Work to complete
Send back the line that contains "Selling a brand" and all lines following it through the end of the data below, exactly, omitting pictures.
━━ Data shown ━━
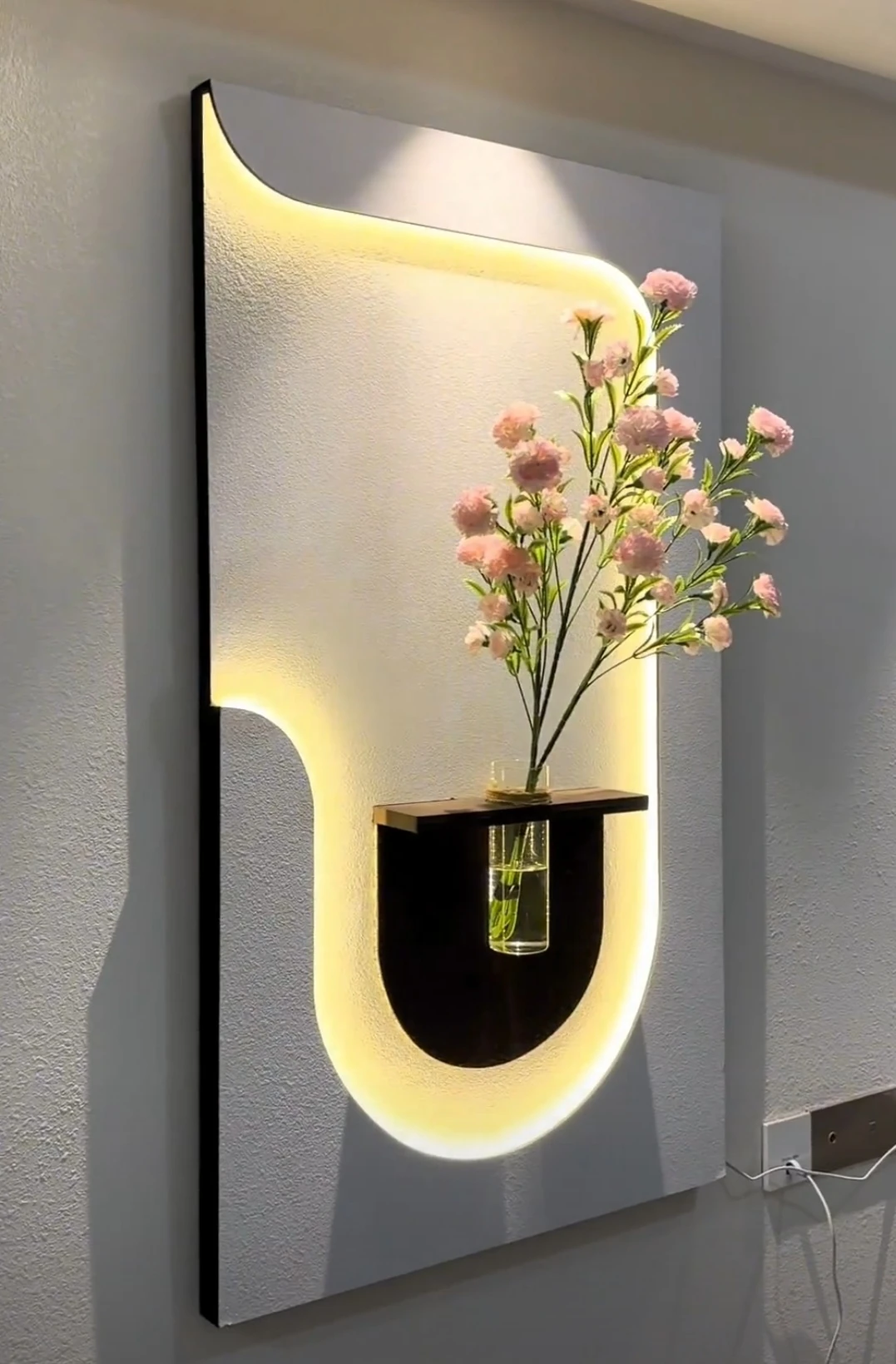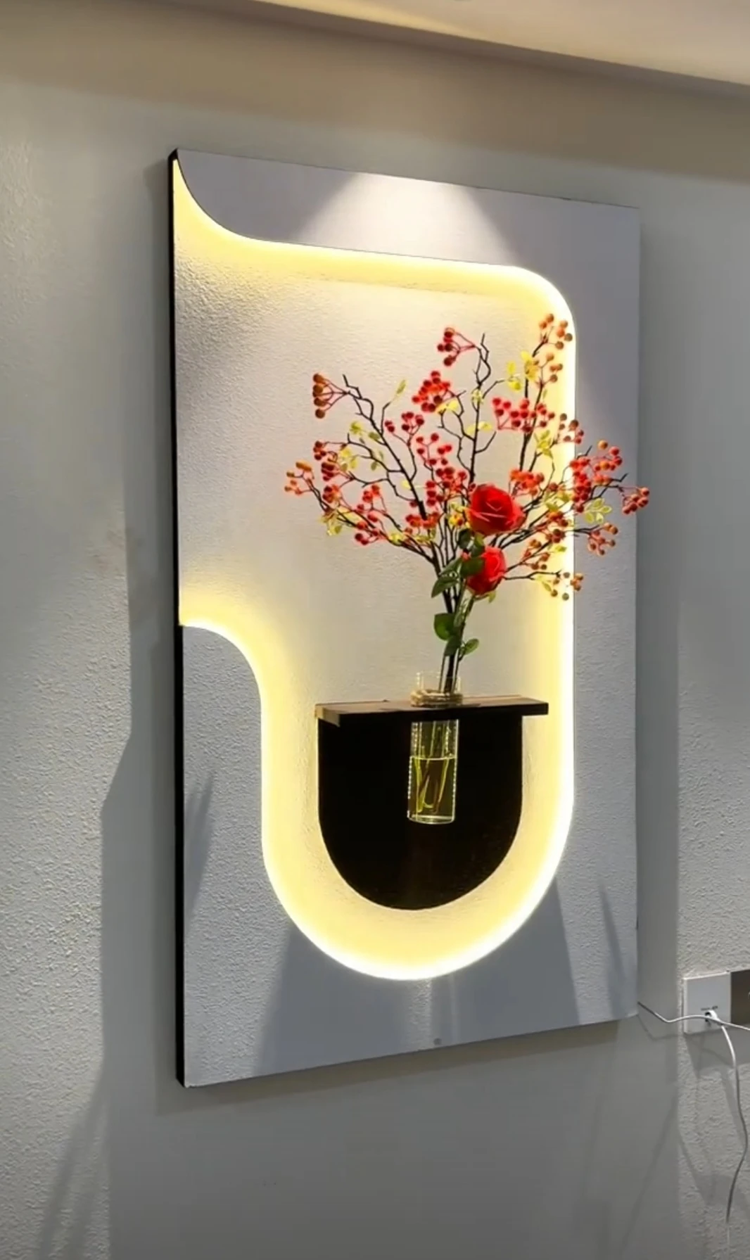 Cadre en résine composite teintée imitation grès – LED 3000K avec mémoire de scénarios à télécommande – Batterie 5000mAh USB-C 45W – Largeur : 40 cm – Hauteur 70 cm – Vase amovible en verre trempé – Couleur : Blanc crème et brun taupe – Support de fixation invisible – Livré avec kit d’ancrage et consignes d’installation en français – Poids : 4,7 kg
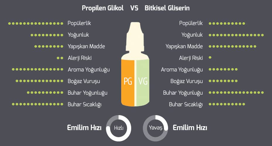Soldaki oran VG, sağdaki oran PG yi gösterir. Tavsiye olarak şunu söyleyelim, eğer sigara bırakma amacınız yoksa yüksek PG kullanımını düşük tutabilirsiniz. Pg oranı arttıkça boğaz vurumu da artacaktır. Bu da keyif için likit kullanımında öksürme yapabilir.
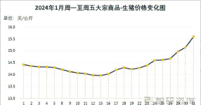 2025年1月5日,昆明市外三元生猪交易价格为15.6元/公斤,为近一个月来的价格高位。
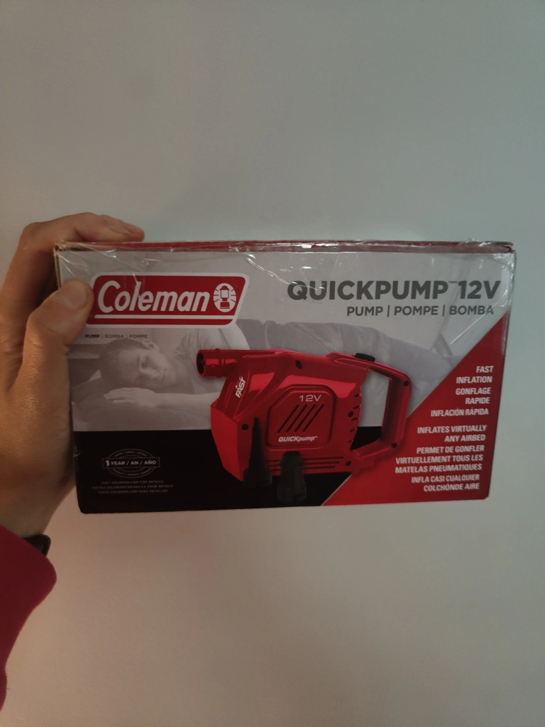 Selling a brand new Coleman QuickPump 12V Comes with the box and all adaptors! It's perfect for camping or having guests over and quickly inflate an airbed. The box has been open but hasn't been used.
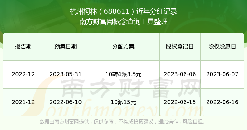 杭州柯林最新一次公布的分紅方案為10轉4派3.5元。本次權益分派股權登記日為2023年6月6日,除權除息日為2023年6月7日,派息日為2023年6月7日。
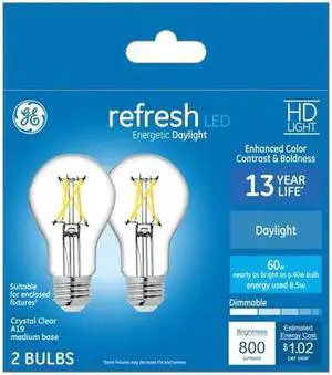 GE refresh LED 60 watt equivalent A19 Energetic Daylight Dimmable Light Bulb (2 pack)
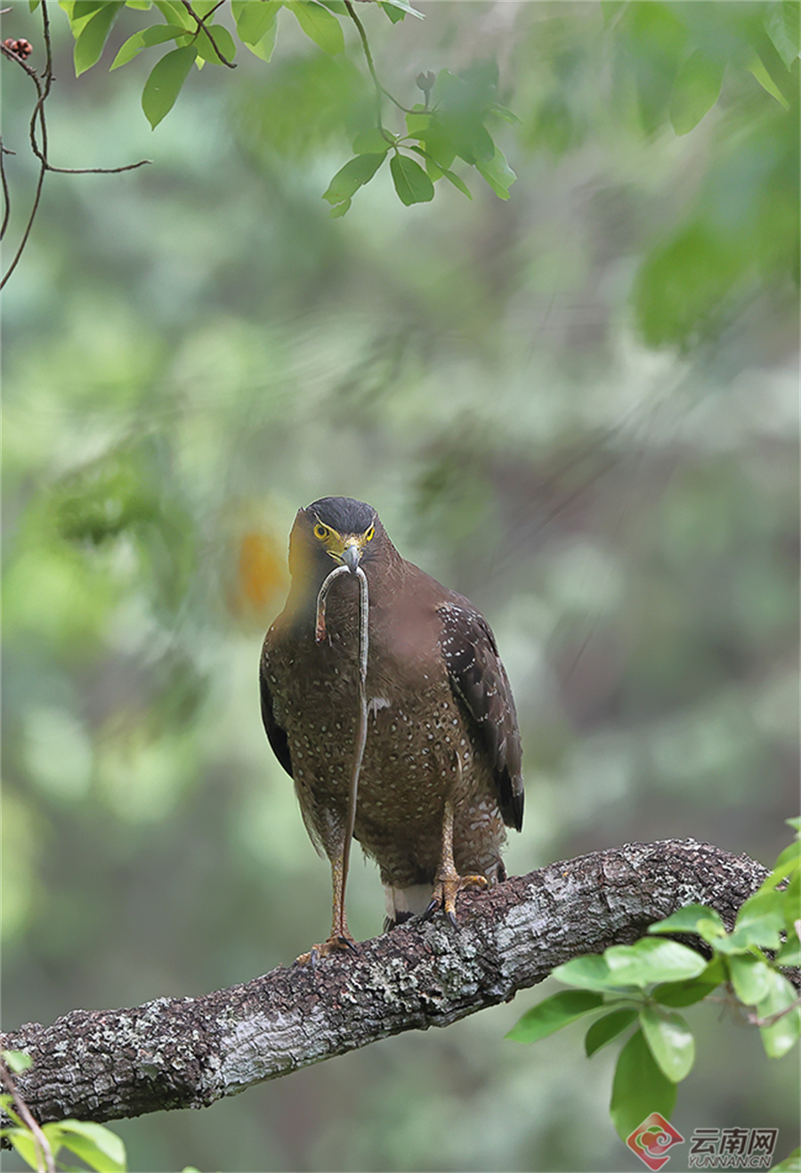 蹲守在树枝上的雄鸟发现目标后利箭样俯冲,百分之百的捕捉到蛇。
━━━
Answer space
 Selling a brand new Coleman QuickPump 12V Comes with the box and all adaptors! It's perfect for camping or having guests over and quickly inflate an airbed. The box has been open but hasn't been used.
 杭州柯林最新一次公布的分紅方案為10轉4派3.5元。本次權益分派股權登記日為2023年6月6日,除權除息日為2023年6月7日,派息日為2023年6月7日。
 GE refresh LED 60 watt equivalent A19 Energetic Daylight Dimmable Light Bulb (2 pack)
 蹲守在树枝上的雄鸟发现目标后利箭样俯冲,百分之百的捕捉到蛇。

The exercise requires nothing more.